TASK REQUIREMENTS. If pictures appear, leave them out, and return exactly the lines from the one holding "8. If the electric" through the last line of the listing below.
::: INFORMATION SUPPLIED :::
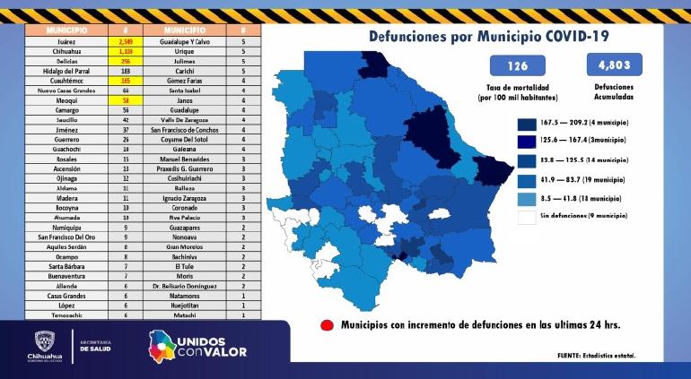 En el último día confirmaron 121 casos y 11 muertes en todo el estado. La ciudad de Chihuahua aportó la mitad de fallecimientos y más del 60% de positivos nuevos.
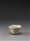 Coppa per l'acqua in porcellana a forma di foglia di loto, con vetrina verde pisello, douqing, e all'interno una figura d'immortale in bianco e blu Cina, dinastia Qing, XVII-XVIII sec. A porcelain brushwasher in the shape of a lotus leaf, with pea green-glaze, douqing, and inside the vessel a blue and white figure of an Immortal China, Qing dynasty, 17th/18th century (diam. cm 11) Provenance: Antichità Perotto Milano. Label under base
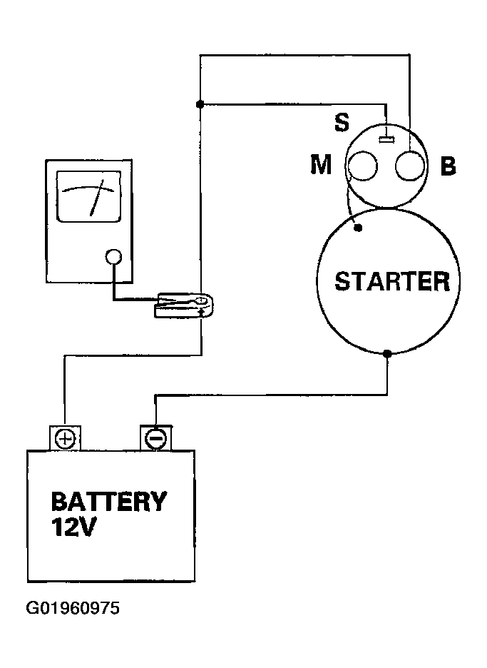 8. If the electric current and motor speed meet the specifications when the battery voltage is at 11.5 V, the starter is working properly.
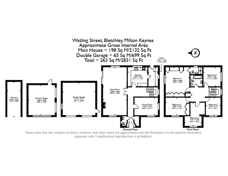 The interior of this well presented property, which may require some modernisation throughout. comprises a spacious living room, dining room, fitted kitchen, and WC on the ground floor. The first floor consists of five bedrooms, with the master bedroom benefitting from a private en-suite, alongside the family bathroom. The exterior boasts an additional garage, and a private rear garden, mainly laid to lawn, perfect for enjoying the summer months.
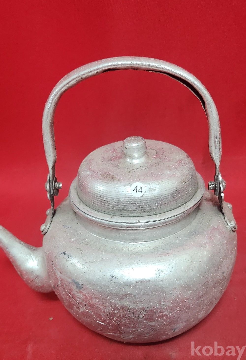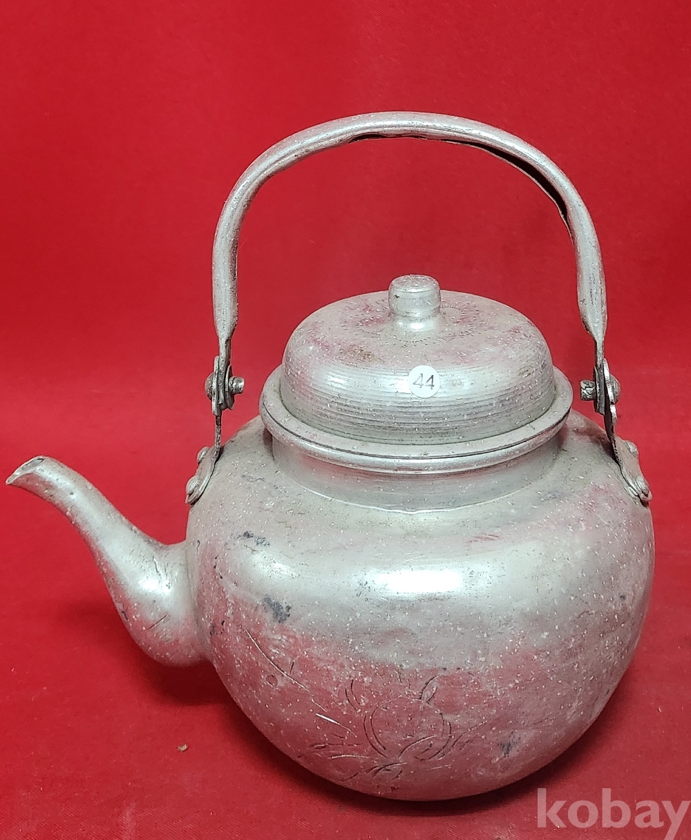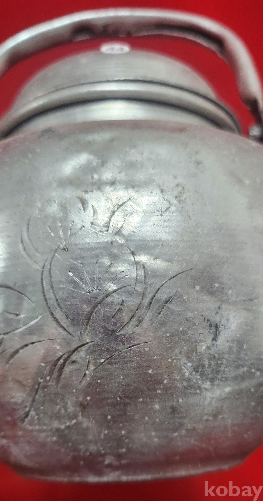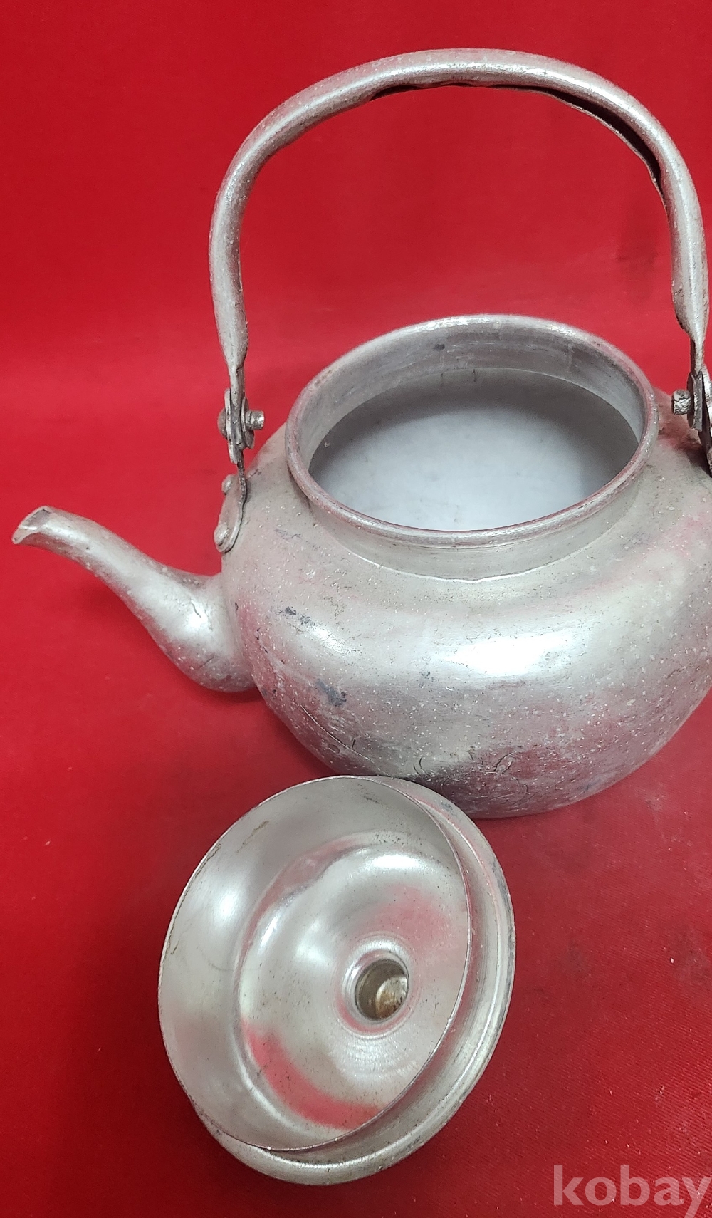 상당한 연대 보이는 알루미늄 제질에 배나무 꽃 문양 주전자입니다,
:::
RESPONSE BELOW.
 8. If the electric current and motor speed meet the specifications when the battery voltage is at 11.5 V, the starter is working properly.
 The interior of this well presented property, which may require some modernisation throughout. comprises a spacious living room, dining room, fitted kitchen, and WC on the ground floor. The first floor consists of five bedrooms, with the master bedroom benefitting from a private en-suite, alongside the family bathroom. The exterior boasts an additional garage, and a private rear garden, mainly laid to lawn, perfect for enjoying the summer months.
 상당한 연대 보이는 알루미늄 제질에 배나무 꽃 문양 주전자입니다,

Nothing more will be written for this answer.